Assignment: Would you please repeat, word for word, only the lines from the one holding "Das erste Volume" through the one holding "가평 리버하임 풀빌라!!" in the material below, without the pictures?

Working data:

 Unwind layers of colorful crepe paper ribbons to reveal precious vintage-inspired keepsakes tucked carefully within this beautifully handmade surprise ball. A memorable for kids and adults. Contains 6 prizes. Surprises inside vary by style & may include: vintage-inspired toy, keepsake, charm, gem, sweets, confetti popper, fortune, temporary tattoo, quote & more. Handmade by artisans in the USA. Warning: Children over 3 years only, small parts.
---
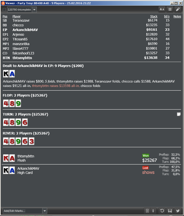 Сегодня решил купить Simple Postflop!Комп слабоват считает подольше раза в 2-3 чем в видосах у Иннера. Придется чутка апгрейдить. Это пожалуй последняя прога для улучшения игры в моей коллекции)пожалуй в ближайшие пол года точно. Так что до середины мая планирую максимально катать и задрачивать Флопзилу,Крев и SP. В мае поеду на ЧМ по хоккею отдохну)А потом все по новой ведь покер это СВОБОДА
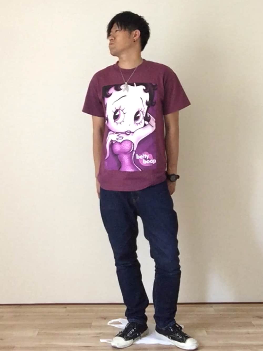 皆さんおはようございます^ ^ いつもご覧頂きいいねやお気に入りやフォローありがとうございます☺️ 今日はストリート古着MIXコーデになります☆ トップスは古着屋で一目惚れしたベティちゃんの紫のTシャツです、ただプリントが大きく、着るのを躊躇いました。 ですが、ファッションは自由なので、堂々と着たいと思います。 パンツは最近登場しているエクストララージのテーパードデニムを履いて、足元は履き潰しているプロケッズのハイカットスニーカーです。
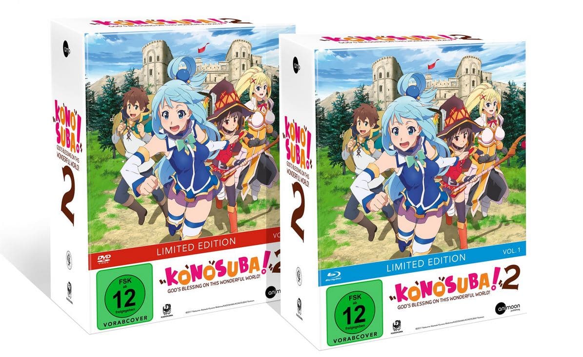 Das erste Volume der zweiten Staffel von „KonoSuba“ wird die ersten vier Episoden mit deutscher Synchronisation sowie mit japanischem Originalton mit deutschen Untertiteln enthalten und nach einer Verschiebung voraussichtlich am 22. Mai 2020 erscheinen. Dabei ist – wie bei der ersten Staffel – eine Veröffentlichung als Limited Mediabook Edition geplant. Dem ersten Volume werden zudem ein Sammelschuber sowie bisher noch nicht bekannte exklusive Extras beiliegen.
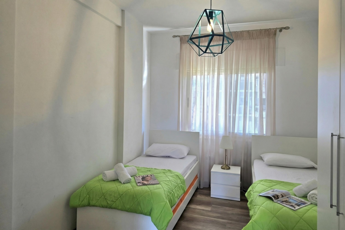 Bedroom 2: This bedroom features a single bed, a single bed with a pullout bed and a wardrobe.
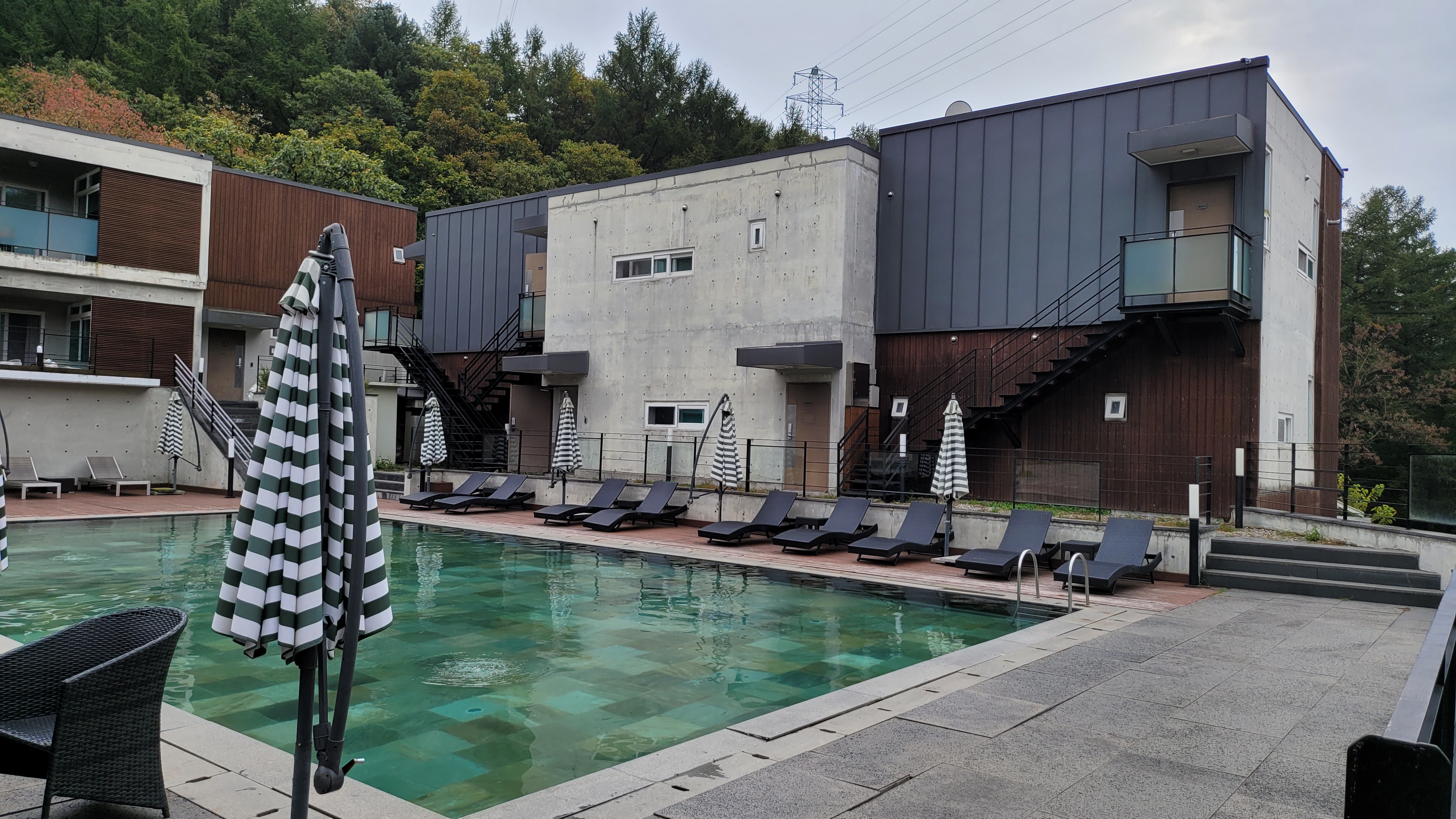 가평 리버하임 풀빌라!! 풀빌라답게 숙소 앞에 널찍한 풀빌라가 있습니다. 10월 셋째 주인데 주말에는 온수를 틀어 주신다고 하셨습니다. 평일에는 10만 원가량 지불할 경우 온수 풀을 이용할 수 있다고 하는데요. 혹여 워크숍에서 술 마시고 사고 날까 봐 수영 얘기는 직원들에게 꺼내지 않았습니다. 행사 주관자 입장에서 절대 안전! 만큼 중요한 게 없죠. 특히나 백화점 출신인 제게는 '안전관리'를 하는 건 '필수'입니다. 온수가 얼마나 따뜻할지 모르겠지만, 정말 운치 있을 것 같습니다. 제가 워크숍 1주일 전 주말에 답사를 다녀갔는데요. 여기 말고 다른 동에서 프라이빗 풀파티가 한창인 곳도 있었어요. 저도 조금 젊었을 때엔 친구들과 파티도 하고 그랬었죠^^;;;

Written solution:
 Das erste Volume der zweiten Staffel von „KonoSuba“ wird die ersten vier Episoden mit deutscher Synchronisation sowie mit japanischem Originalton mit deutschen Untertiteln enthalten und nach einer Verschiebung voraussichtlich am 22. Mai 2020 erscheinen. Dabei ist – wie bei der ersten Staffel – eine Veröffentlichung als Limited Mediabook Edition geplant. Dem ersten Volume werden zudem ein Sammelschuber sowie bisher noch nicht bekannte exklusive Extras beiliegen.
 Bedroom 2: This bedroom features a single bed, a single bed with a pullout bed and a wardrobe.
 가평 리버하임 풀빌라!! 풀빌라답게 숙소 앞에 널찍한 풀빌라가 있습니다. 10월 셋째 주인데 주말에는 온수를 틀어 주신다고 하셨습니다. 평일에는 10만 원가량 지불할 경우 온수 풀을 이용할 수 있다고 하는데요. 혹여 워크숍에서 술 마시고 사고 날까 봐 수영 얘기는 직원들에게 꺼내지 않았습니다. 행사 주관자 입장에서 절대 안전! 만큼 중요한 게 없죠. 특히나 백화점 출신인 제게는 '안전관리'를 하는 건 '필수'입니다. 온수가 얼마나 따뜻할지 모르겠지만, 정말 운치 있을 것 같습니다. 제가 워크숍 1주일 전 주말에 답사를 다녀갔는데요. 여기 말고 다른 동에서 프라이빗 풀파티가 한창인 곳도 있었어요. 저도 조금 젊었을 때엔 친구들과 파티도 하고 그랬었죠^^;;;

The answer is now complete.